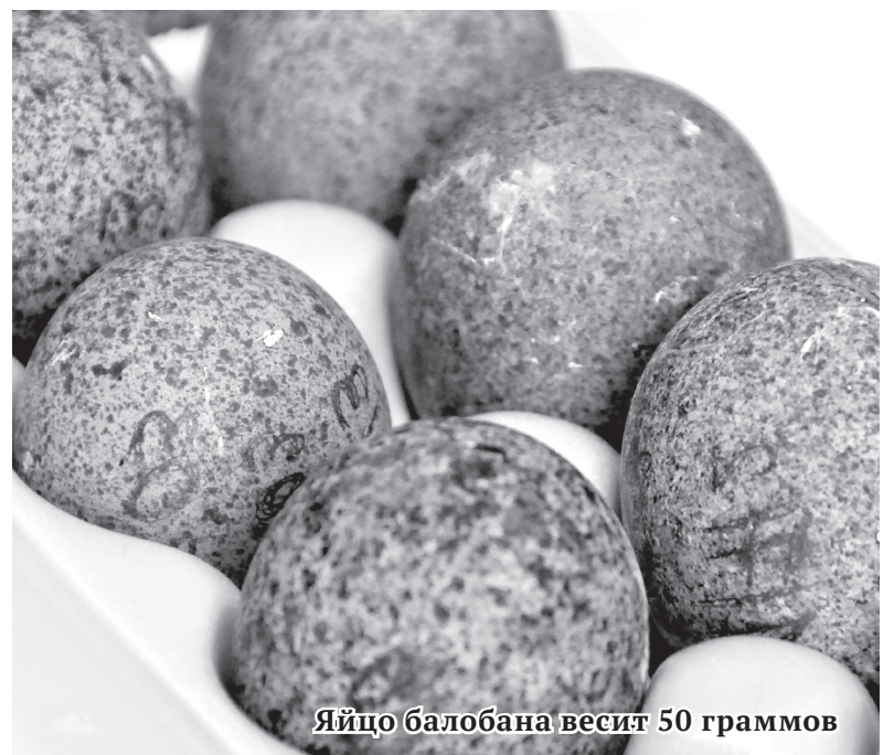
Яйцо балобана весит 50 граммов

--

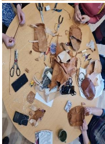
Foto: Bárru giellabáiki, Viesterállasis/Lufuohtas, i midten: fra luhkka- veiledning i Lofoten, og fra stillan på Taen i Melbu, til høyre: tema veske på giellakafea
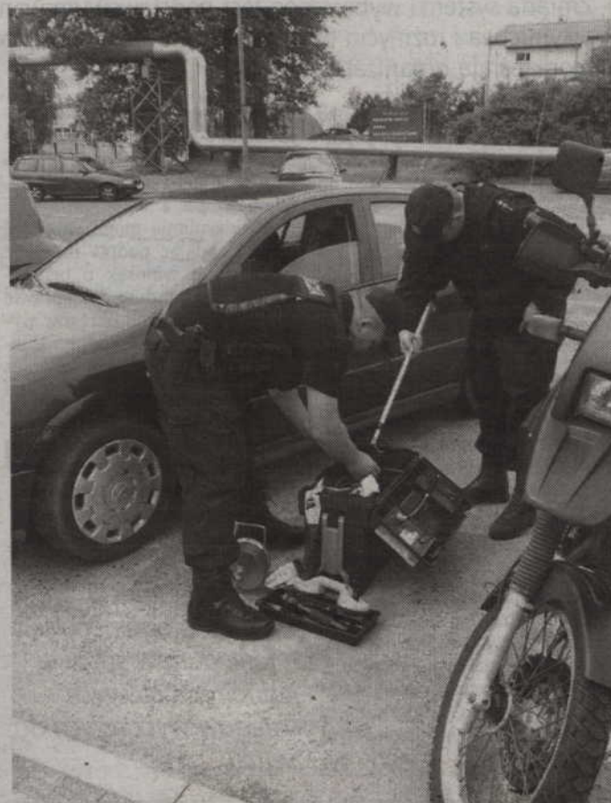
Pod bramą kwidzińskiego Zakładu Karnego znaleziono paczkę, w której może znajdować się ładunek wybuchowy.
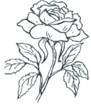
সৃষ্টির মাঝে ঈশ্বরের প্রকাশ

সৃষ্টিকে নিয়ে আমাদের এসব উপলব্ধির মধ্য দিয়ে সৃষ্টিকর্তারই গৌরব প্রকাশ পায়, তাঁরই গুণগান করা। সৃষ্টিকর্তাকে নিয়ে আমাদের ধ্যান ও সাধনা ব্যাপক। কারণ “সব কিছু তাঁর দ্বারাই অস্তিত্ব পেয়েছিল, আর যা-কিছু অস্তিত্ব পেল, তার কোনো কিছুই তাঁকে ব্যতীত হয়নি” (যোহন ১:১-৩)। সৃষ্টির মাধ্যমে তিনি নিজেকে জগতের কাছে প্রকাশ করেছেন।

**THE TASK:** Above are the lines; repeat exactly the ones from the line containing "সৃষ্টির মাঝে ঈশ্বরের প্রকাশ" down to the line containing "সৃষ্টিকে নিয়ে আমাদের", both inclusive.

**ANSWER TO THIS EXERCISE:**
সৃষ্টির মাঝে ঈশ্বরের প্রকাশ

সৃষ্টিকে নিয়ে আমাদের এসব উপলব্ধির মধ্য দিয়ে সৃষ্টিকর্তারই গৌরব প্রকাশ পায়, তাঁরই গুণগান করা। সৃষ্টিকর্তাকে নিয়ে আমাদের ধ্যান ও সাধনা ব্যাপক। কারণ “সব কিছু তাঁর দ্বারাই অস্তিত্ব পেয়েছিল, আর যা-কিছু অস্তিত্ব পেল, তার কোনো কিছুই তাঁকে ব্যতীত হয়নি” (যোহন ১:১-৩)। সৃষ্টির মাধ্যমে তিনি নিজেকে জগতের কাছে প্রকাশ করেছেন।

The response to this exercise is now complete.